Why do you want to know?
If you’re trying to come up with a definition for something, "Why do you want to know?" is the single most important question to answer. Only if you know the answer can you come up with a satisfying definition.
For instance, if the answer is "I want to know I should give my parents a bowl of cereal when they ask for soup at lunch", then the definition of soup is "Something that your parents want for lunch". Would your parents be satisfied with a bowl of cereal? No? Then cereal is not soup.
If the answer is "My friend is a jokester and I want to make him laugh when he asks for soup", then the definition of soup is "Things you could present to your friend that would make him laugh when he asks for soup". Would your friend get the joke when given a bowl of cereal? Yes? Then cereal is soup.
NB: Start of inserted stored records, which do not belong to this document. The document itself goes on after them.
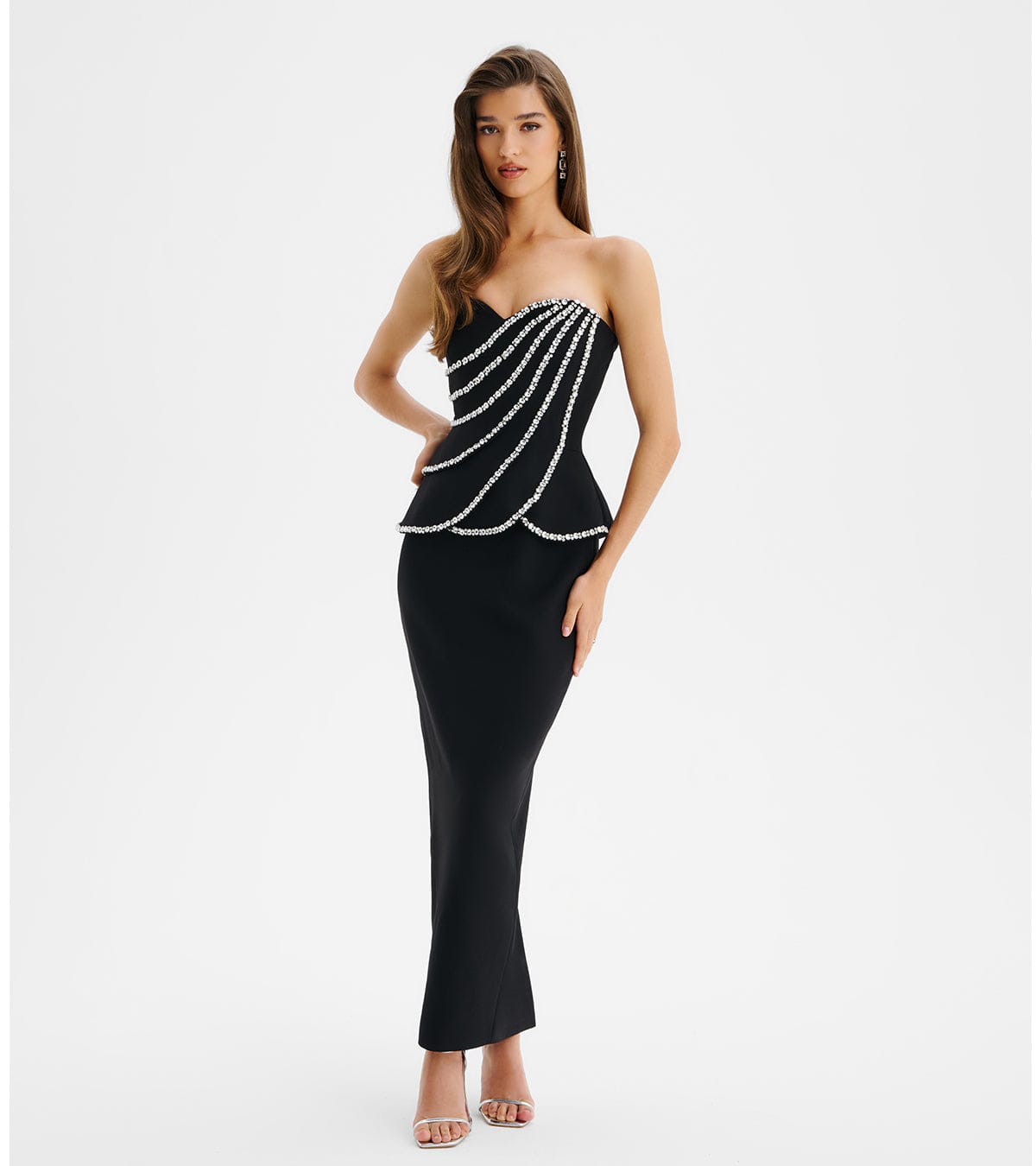 VALENTINA High Neck Crystal Embellished Peplum Maxi Dress In BlackVALENTINA High Neck Crystal Embellished Peplum Maxi Dress In Black
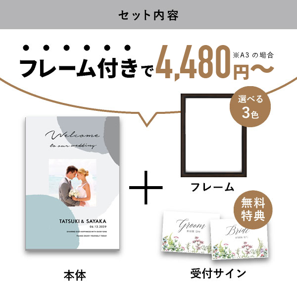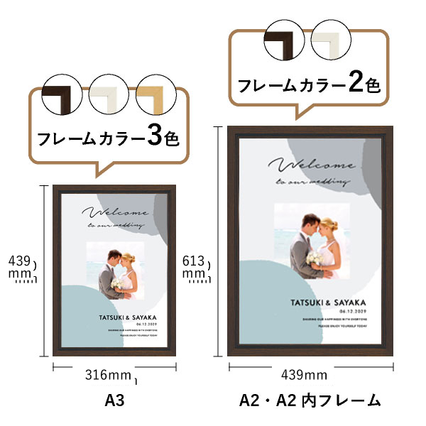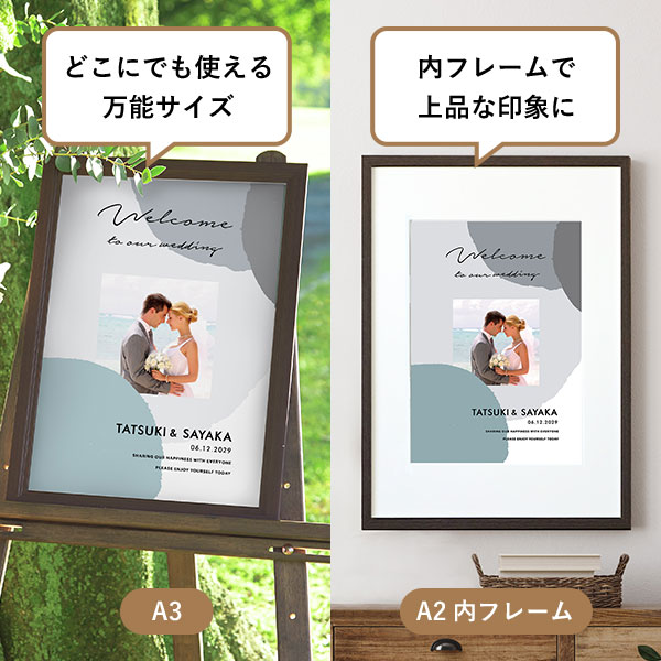 | 内容物 | フォトウェルカムボード ■フレーム付き(A3サイズは3種類よりお選びいただけます。A2サイズは2種類よりお選びいただけます。) |
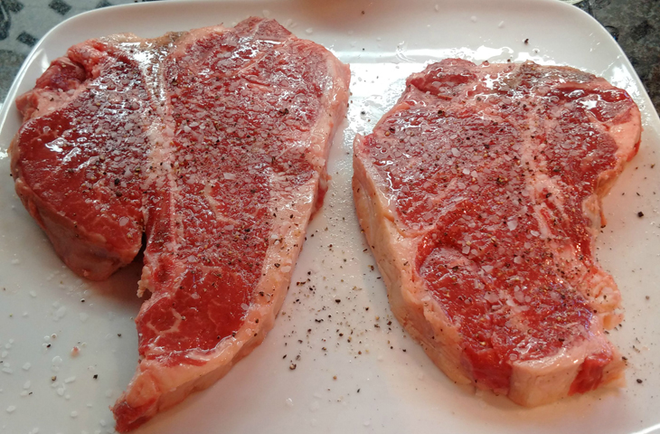 Стандартным набором специй для хорошего стейка является черный перец грубого помола и кошерная соль. Веточка розмарина или тимьяна также будут кстати. Все остальное будет явным излишеством — вкус специй может перебить аромат стейка. Вы можете использовать смесь сушеной зелени — она также подойдет. Солить кусок мясо нужно заранее. 15 минут хватит, чтобы кристаллы соли растворились и впитались в волокна.
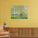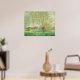 This beautiful painting by Claude Monet features a scene loosely painted with a colour palette is almost completely dominated by cool tones of spring, sage, celery, and kelly green, and steel and sea blue.
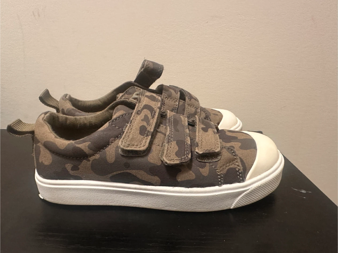 Selling a pair of Clarks kids' sneakers in a cool camo pattern! They're a size 11W (wide). These are in good condition and ready for a new adventure.
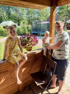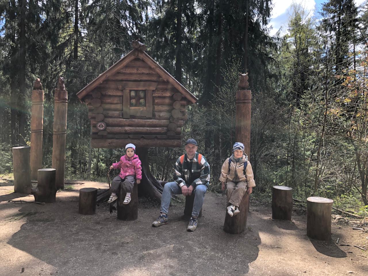 Мы с папой очень любим путешествовать! На этой фотографии мы с папой и братом в парке Токсовского Зубровника у избушки Бабы Яги. Мы ездили смотреть зубробизонов. Их в природе осталось мало и мы решили, что непременно должны их увидеть! Это огромные мохнатые животные похожие на корову. Мы кормили их морковкой и яблоками. А потом гуляли в парке и увидели дом. Мы не испугались и хотели познакомиться, но Бабушки Яги дома не было. В этом году мы были в нескольких музеях, зоопарках и просто много гуляли за городом! Я люблю проводить время с папой!
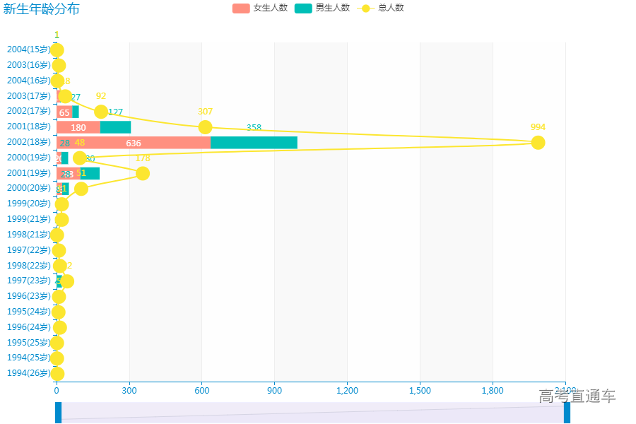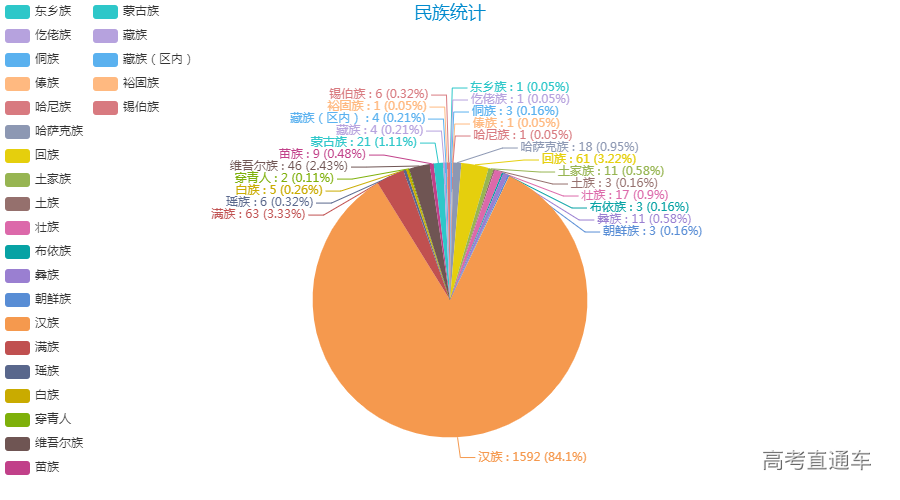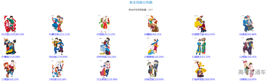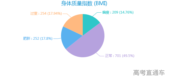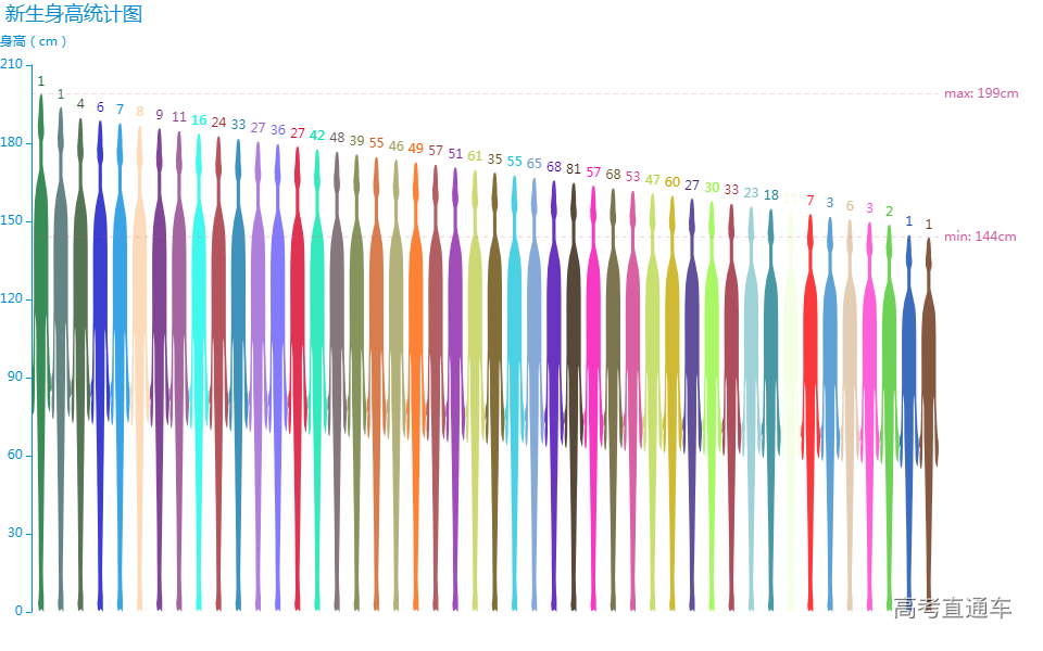 2020年学校共面向全国25个省、市、自治区录取本科新生1904人,除普通新生外,还包括高职升本科、双培计划、艺术类、内地新疆班、内地西藏班、少数民族预科班、第二学士学位等多种类型。 今年我校新生中,男生占比40%,女生占比60%。 2020级新生中,最大的26岁,最小的汪家辉同学2004年10月10日出生,今年15岁。 2020级新生中,身高最高的199cm,一定是个篮球健将吧。 不同身高分布图如下,请新生们“对号入座”。 今年新生的姓名中,最受欢迎榜如下:刘欣 3人,王曦 3人,李佳琦 2人,刘宇欣2人……最巧的是,2名刘宇欣同学都在同一个专业。 新生中,人数最多的姓是以下几种:张 125人,李109人,王105人,刘81人,赵45人。 新生中星座最集中的为狮子座 183人、金牛座163人、双鱼座 160人。 2020级新生来自全国710所不同中学, 录取人数比较多的几所中学为: 北京市房山区良乡中学26人; 北京市怀柔区第一中学24人; 北京市顺义区第一中学24人; 北京市顺义区杨镇第一中学23人; 北京市房山区房山中学22人; 北京市大兴区兴华中学21人; 北京市通州区永乐店中学20人; 北京市密云区第二中学20人; 首都师范大学附属密云中学19人; 北京市平谷中学19人。 数据显示,同一天出生的新生还不少呢:2002年7月10日出生的有12人;2002年7月26出生的有11人;2001年8月8日出生的有11人;2002年8月10日出生的有11人;2002年8月16日出生的有11人。 新生民族分布如下:汉族84.1%, 满族3.33%,回族 3.22%,维吾尔族2.43%,蒙古族 1.11%,壮族 0.9%。 11 身体质量分布图 49.5%身体质量指数正常,有约35%的同学体重偏重,同学们入学后要积极参加体育锻炼哦! 11 新生裸眼视力统计 新生视力正常7.62%,近视的同学高达82%,同学们一定要尽量合理利用电子产品,保护眼睛,从每天做起。
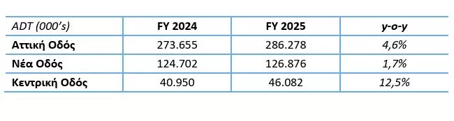 Όσον αφορά τους αυτοκινητόδρομους της Νέας και της Κεντρικής Οδού, η μέση ημερήσια κίνηση για το 2025 παρουσίασε ετήσια αύξηση κατά 1,7% και 12,5% αντίστοιχα, με τον μέσο ημερήσιο αριθμό διελεύσεων (ADT) να διαμορφώνεται σε 126.876 και 46.082 αντίστοιχα. Σημειώνεται ότι η ημερήσια κυκλοφορία στους δυο αυτοκινητόδρομους κατά τον μήνα Δεκέμβριο επηρεάστηκε άμεσα από τις κινητοποιήσεις των αγροτών, οι οποίες συνεχίζονται.

If the answer is "I'm running a cereal factory in the United States and I need to know if what I'm making legally counts as soup", then the definition of soup is codified under Title 40 of the Federal Code of Regulations, Section 407.81(j). Does the law say your cereal is soup? No? Then cereal is not soup.
If the answer is "I'm chewing the fat by discussing the metaphysics of soup and cereal", then the definition of soup is indeterminate, because the definition doesn’t matter for the situation. You can discuss the nature of soup as long as you want and come to any conclusion, and it will still satisfy your purpose.
Conclusion
To know what a word means, you have to answer the question "Why do you want to know?", because the meaning of words depends on the situation. In daily life, you usually have the answer to this question without thinking, because you’re already in the situation, so you can intuit the meaning of words pretty quickly.
Conversely, answering metaphysical questions like "Is X a kind of Y?" is hard, because you’re divorced from the situation that the meaning of Y needs to apply to. The “situation” that it applies to is unclear, and until you clear it up, the meaning of Y will be indeterminate.